I still don’t know the main element of the third room, nor lots of details of the others. I did stitch a length of videotape into something resembling cursive writing, which will be the main element of one room, I think. Am I the only person who feels a mixture of sadness and curiosity when they see a length of video (or audiotape, when those were around) all pulled out of its cassette and tangled and dirty on the street? It makes me wonder what was on it–what still is on it, but is now inaccessible. Anyway, this one will be part of a sculpture.
#100days of making art
I started on an assemblage with some techniques and themes that are similar to the last one’s. It’s going to have three or four chambers, so a lot of what I did today was cut the inner walls to size and sand them. I also worked out the string pattern for the lower-right chamber (you can see the plan on the paper in the foreground) and drilled most of the holes in the walls for threading it through. I’m still not sure how I’m going to do that, but I’ll play around with it tomorrow.
I also had a great time drilling successively larger holes in the door (lid) to make a peephole. The cigar box wood splinters so easily that I thought for sure I’d have a disaster if I tried a large bit first, so I worked my way up to a 1/2-inch bit.
I’m trying to stay in that indeterminate head space where I’m lightly holding a theme and some images, without knowing how they all relate to the theme or even being entirely sure that they do. I know I am looking at the difficulties of understanding each other across gulfs of culture, experience, language, etc., and the extraordinary fact that we ever reach any understanding at all.

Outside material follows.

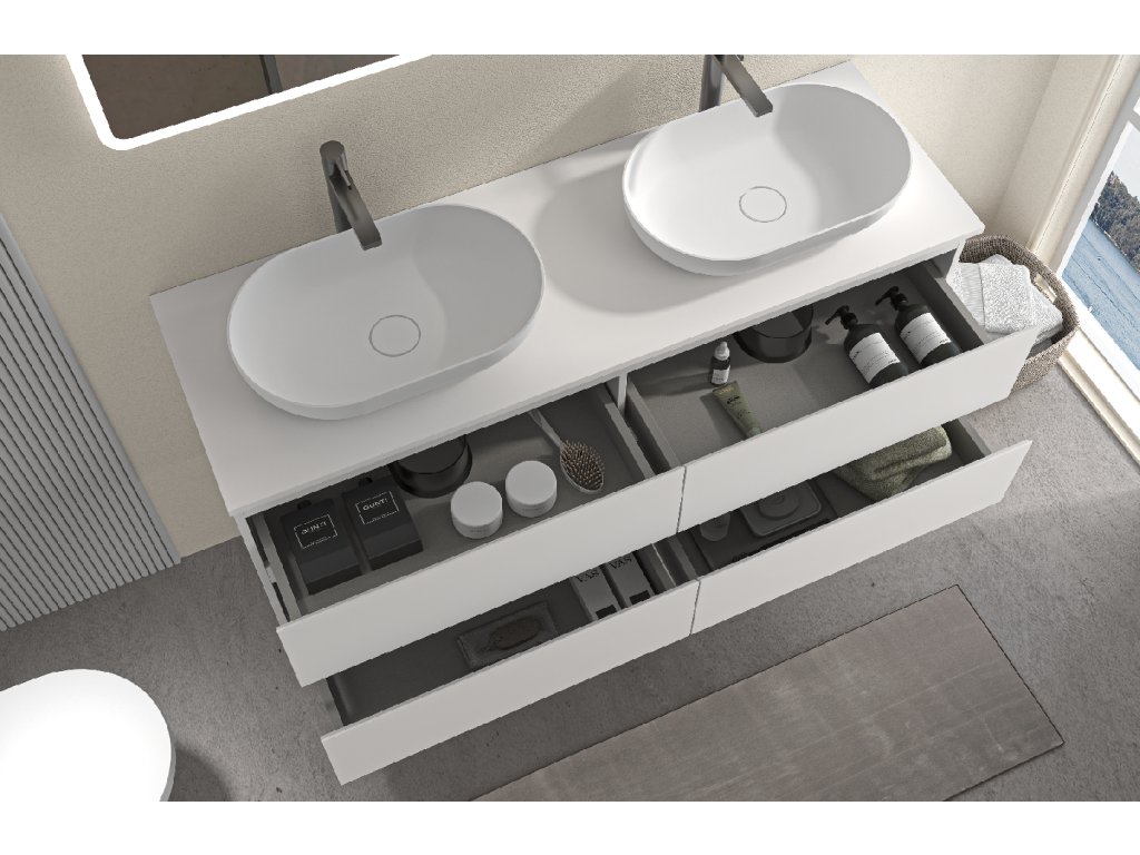 CERANO - Szafka łazienkowa Carole z blatem umywalkowym - 18 mm - biały mat - 141x49,8x46,5 cm

The virtual vase that emerges from the strung thread expresses this in one, hopeful way. The unspooled, unidentified videotape is more expressive of the frustration involved. If I look too analytically at these or other images that are coming to mind, I’m afraid their meanings will shrink away from me like a snail retreating into its shell. So I’m letting them float in my peripheral vision, hoping that while I paint and drill and sand, they’ll take more definite shape of their own accord.
Day 91, #100days of making art
Another in a series of “maps” modeled on those in The Penguin Atlas of the Ancient World and drawn over its text. This one is titled “Yet Perhaps.”
I just realized I never posted a photo of this, though I finished it in early November.

Problems in Translation. Mixed media, 15x28x5 cm. (c) 2019 Amy Zucker Morgenstern
I got onto Craigslist yesterday and found someone selling some small wooden boxes, used, so I’m excited about continuing my explorations in this vein.